- _Records from a data source_
--------------------
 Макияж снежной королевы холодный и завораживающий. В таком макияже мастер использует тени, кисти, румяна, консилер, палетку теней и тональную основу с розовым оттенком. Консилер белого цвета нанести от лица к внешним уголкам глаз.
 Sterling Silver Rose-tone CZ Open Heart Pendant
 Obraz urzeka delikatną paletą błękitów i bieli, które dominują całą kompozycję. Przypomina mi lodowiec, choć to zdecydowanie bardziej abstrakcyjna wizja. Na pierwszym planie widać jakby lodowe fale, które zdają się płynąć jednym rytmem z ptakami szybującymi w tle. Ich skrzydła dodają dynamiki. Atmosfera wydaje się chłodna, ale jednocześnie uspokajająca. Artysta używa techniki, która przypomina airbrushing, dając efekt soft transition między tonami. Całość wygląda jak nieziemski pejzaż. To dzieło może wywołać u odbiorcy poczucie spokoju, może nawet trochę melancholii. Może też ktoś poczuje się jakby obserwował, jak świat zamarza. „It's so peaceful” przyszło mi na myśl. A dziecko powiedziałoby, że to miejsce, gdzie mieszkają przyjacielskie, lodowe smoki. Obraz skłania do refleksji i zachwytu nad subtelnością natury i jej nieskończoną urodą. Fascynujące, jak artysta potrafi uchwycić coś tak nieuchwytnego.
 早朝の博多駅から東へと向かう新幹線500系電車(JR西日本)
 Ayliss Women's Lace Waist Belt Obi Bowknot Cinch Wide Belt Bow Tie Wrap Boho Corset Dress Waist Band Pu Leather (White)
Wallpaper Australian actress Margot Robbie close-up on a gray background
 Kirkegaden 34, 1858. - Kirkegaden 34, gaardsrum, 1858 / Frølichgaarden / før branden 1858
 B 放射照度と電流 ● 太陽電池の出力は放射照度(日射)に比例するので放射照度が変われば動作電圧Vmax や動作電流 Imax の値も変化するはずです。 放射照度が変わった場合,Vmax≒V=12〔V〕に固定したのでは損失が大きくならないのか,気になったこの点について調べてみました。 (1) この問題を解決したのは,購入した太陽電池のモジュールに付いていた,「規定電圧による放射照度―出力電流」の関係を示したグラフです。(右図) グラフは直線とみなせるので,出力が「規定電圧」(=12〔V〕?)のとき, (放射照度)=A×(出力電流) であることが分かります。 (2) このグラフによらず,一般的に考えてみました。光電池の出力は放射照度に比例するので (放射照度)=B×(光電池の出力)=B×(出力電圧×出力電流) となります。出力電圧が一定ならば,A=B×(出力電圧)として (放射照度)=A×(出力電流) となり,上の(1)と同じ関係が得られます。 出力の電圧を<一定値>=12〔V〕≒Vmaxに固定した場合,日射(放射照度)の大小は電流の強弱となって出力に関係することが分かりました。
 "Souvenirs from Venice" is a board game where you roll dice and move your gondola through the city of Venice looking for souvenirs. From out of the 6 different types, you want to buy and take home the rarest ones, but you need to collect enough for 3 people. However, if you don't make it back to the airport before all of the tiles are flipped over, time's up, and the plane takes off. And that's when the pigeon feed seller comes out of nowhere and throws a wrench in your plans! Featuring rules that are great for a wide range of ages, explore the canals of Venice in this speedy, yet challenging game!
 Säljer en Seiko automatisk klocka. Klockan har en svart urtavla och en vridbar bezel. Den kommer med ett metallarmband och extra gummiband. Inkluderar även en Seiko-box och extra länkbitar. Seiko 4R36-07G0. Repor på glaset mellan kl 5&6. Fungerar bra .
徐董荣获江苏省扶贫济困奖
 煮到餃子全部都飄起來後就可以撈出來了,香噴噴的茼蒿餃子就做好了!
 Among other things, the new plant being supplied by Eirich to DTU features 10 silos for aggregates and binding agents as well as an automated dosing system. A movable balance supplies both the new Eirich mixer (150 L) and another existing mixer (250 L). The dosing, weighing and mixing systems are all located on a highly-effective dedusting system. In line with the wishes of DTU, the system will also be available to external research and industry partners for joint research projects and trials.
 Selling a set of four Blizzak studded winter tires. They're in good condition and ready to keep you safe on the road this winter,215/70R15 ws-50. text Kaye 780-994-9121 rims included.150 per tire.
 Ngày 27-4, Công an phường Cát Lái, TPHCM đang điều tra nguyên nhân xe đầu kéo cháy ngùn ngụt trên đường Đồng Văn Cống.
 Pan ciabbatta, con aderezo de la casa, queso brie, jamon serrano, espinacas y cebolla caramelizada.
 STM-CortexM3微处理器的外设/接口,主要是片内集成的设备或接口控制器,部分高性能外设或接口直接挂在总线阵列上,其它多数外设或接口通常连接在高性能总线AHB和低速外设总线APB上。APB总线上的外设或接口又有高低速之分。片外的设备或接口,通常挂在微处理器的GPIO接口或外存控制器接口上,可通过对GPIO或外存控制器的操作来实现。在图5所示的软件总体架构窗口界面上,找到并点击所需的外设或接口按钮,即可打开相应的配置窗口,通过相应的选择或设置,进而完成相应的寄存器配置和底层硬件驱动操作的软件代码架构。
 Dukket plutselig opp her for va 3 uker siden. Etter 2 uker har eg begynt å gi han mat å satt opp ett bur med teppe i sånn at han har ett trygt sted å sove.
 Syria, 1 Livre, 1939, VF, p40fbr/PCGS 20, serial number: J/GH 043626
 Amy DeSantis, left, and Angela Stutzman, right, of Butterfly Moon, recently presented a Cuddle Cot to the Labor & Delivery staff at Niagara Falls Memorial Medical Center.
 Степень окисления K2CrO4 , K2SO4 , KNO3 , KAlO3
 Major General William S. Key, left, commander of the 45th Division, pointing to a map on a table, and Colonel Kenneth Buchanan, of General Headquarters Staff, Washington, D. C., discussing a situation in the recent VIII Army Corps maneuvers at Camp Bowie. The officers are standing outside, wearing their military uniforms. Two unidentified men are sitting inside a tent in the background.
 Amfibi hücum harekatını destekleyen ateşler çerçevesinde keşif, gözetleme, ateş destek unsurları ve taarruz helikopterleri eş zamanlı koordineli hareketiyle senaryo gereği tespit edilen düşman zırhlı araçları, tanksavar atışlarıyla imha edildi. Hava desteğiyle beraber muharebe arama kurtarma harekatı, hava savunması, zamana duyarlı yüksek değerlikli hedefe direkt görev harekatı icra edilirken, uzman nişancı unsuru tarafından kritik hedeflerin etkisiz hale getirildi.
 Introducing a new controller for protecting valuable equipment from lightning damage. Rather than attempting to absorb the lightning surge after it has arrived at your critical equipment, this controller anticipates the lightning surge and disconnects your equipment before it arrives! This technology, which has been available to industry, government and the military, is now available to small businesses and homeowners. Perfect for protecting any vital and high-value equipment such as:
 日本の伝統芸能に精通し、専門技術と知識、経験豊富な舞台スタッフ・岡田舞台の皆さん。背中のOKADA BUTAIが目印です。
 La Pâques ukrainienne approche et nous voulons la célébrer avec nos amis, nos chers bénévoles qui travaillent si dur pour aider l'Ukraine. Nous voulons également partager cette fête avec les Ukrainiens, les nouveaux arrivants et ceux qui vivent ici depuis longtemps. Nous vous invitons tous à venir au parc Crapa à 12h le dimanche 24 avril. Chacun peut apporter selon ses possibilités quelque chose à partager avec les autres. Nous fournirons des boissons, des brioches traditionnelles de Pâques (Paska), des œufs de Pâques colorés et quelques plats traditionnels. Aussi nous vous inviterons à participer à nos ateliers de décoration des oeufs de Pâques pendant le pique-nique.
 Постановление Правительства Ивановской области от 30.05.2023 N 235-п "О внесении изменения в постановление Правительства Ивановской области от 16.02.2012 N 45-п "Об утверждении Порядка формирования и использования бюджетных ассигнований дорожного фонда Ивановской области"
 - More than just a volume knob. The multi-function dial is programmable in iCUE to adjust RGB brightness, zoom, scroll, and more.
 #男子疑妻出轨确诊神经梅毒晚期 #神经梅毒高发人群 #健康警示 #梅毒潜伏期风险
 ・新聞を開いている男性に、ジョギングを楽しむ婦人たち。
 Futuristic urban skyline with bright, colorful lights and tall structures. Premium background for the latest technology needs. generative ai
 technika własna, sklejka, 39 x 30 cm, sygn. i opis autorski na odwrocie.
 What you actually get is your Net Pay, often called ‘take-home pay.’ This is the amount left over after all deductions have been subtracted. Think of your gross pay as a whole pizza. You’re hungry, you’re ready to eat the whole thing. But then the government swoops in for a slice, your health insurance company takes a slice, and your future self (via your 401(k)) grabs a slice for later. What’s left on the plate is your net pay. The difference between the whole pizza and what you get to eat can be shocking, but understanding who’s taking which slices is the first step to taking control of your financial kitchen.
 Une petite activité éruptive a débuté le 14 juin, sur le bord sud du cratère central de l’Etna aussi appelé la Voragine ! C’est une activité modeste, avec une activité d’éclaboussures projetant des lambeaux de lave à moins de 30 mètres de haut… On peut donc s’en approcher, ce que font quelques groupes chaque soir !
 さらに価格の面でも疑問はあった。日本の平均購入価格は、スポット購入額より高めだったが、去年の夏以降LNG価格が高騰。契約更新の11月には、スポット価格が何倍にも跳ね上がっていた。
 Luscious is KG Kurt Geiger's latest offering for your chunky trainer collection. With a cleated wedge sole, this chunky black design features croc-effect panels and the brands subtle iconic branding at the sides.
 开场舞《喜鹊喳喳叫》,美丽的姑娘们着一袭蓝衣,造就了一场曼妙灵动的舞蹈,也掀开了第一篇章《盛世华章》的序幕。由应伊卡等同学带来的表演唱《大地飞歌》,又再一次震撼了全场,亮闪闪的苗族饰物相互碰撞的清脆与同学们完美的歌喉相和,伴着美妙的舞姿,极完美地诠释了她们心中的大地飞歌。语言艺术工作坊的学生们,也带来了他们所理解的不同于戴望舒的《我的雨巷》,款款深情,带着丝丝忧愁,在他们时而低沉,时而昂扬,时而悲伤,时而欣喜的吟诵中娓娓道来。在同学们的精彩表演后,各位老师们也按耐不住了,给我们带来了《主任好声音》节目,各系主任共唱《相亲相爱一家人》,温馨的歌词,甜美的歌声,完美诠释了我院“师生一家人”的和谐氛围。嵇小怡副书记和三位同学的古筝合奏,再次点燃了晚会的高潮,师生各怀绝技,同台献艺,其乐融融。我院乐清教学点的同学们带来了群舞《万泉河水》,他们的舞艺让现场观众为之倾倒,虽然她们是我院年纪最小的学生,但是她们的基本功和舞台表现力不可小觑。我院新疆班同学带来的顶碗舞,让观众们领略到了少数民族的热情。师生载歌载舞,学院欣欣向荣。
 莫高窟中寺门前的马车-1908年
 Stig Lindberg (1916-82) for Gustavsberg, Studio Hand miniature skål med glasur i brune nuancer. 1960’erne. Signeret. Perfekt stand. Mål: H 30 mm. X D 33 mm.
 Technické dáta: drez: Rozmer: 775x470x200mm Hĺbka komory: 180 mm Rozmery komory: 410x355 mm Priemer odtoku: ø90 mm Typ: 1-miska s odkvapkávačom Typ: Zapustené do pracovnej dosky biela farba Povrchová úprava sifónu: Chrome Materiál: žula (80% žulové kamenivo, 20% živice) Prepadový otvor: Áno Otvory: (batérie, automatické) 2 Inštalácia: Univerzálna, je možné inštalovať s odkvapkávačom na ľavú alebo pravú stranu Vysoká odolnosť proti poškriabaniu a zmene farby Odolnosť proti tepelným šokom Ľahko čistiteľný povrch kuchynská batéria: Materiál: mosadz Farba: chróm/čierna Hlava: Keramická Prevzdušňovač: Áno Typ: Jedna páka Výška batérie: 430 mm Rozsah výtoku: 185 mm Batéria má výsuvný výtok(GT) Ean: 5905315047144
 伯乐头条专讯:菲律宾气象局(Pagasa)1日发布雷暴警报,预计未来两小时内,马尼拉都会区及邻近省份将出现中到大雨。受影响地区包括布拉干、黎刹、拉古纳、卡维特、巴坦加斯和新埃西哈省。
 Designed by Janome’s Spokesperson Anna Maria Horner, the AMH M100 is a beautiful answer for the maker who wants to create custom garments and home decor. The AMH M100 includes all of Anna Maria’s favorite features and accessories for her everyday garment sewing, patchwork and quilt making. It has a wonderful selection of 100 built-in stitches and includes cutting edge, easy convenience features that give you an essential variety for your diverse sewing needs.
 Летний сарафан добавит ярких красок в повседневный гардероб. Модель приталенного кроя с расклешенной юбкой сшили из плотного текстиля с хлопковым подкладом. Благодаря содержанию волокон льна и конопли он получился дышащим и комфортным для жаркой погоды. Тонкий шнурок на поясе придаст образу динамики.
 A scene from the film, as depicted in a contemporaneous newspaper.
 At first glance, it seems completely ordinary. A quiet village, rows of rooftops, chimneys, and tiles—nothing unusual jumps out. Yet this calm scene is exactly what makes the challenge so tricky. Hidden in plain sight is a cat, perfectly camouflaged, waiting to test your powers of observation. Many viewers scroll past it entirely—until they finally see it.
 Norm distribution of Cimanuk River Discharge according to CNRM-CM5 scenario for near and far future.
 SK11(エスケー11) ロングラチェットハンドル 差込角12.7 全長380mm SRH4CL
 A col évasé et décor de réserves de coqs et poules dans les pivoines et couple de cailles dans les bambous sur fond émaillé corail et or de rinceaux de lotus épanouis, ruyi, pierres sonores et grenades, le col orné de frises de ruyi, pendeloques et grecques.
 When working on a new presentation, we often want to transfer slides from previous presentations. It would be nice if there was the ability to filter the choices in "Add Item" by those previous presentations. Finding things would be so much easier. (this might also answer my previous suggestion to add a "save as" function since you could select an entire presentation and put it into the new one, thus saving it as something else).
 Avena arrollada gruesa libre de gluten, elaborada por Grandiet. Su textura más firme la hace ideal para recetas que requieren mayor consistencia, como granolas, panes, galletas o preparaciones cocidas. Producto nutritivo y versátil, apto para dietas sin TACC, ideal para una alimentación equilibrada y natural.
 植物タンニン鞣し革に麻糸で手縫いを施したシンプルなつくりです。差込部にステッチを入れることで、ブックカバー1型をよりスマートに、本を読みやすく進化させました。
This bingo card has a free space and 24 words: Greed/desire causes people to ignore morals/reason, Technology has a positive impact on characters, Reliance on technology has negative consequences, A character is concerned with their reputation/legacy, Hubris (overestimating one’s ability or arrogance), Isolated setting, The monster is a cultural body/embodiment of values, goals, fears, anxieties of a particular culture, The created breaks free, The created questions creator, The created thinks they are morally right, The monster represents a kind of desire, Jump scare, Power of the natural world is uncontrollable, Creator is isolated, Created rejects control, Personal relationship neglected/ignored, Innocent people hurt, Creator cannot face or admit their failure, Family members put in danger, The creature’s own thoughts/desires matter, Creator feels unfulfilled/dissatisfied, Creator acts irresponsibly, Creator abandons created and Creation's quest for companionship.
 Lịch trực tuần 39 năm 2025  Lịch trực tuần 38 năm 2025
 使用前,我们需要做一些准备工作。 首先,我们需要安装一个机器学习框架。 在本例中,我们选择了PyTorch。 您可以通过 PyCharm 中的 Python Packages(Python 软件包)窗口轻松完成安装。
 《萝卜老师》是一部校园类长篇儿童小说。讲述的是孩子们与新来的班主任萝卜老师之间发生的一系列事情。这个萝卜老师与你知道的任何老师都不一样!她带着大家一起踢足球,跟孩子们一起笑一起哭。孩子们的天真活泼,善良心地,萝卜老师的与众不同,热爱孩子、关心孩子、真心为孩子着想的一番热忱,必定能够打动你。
--------------------
- _Task to carry out_
Find the word "scene" in the entries, and copy every line it shows up in.

- _Task answer_
 A scene from the film, as depicted in a contemporaneous newspaper.
 At first glance, it seems completely ordinary. A quiet village, rows of rooftops, chimneys, and tiles—nothing unusual jumps out. Yet this calm scene is exactly what makes the challenge so tricky. Hidden in plain sight is a cat, perfectly camouflaged, waiting to test your powers of observation. Many viewers scroll past it entirely—until they finally see it.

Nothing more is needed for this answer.